WHAT YOU SHOULD DO:
Only the lines from the one that contains "Camiseta de manga" through the end of the entries, both included, should be transcribed, exactly and without pictures.

Saved data entries

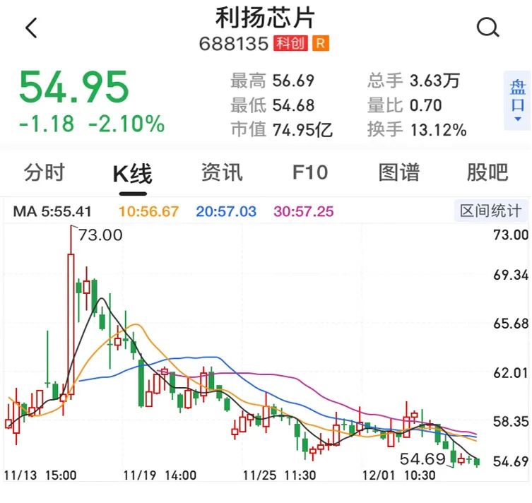值得一提的是,在利扬芯片的调研机构名单中,有明星基金经理冯明远,全国社会保障基金也参与其中。该股11月在科创板上市后,较发行价上涨近250%,最新收盘价为54.95元,略高于上市以后的股价最低点。
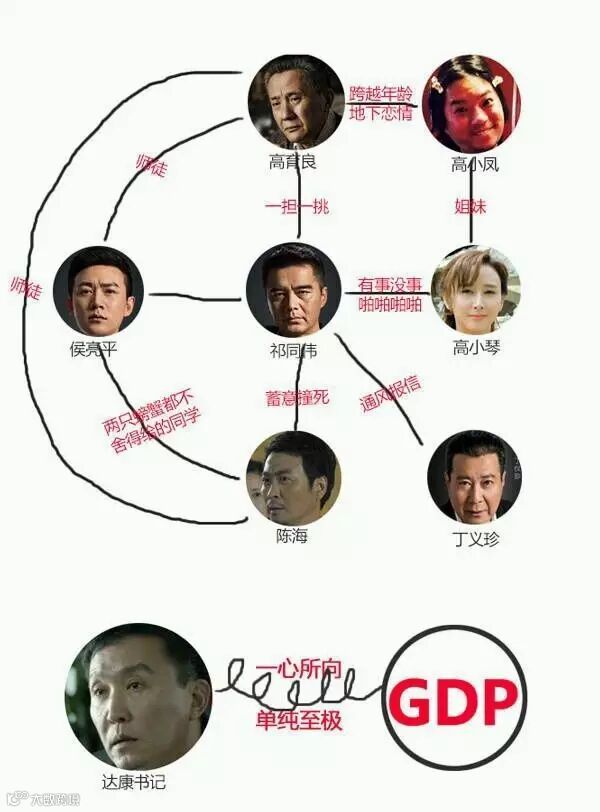 世上没有绝对的好人,但达康书记一心为业绩,一心为人民的行为广受群众的喜欢。热心网友为此绘制了关系图,达康书记一心一意惦记着GDP……完全不care任何人。
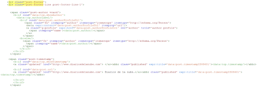 La colocación de la fecha de actualización de un post y de su autor no tiene porqué ser la misma en todas las plantillas de un Blog. Aunque muchas veces en las plantillas de Blogger estándar se encuentran por el <div class="post-footer">, en algunos casos pueden encontrarse en otras partes del código.
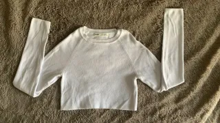 Camiseta de manga larga en color blanco, con un diseño suave y moderno. - Corte cropped. - Tejido de canalé. - Cuello redondo.
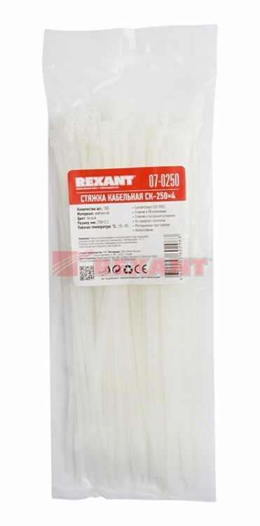 Хомут кабельный нейлон 3,6х250 мм белый (упак. 100шт)

RESPONSE TO THE EXERCISE:
 Camiseta de manga larga en color blanco, con un diseño suave y moderno. - Corte cropped. - Tejido de canalé. - Cuello redondo.
 Хомут кабельный нейлон 3,6х250 мм белый (упак. 100шт)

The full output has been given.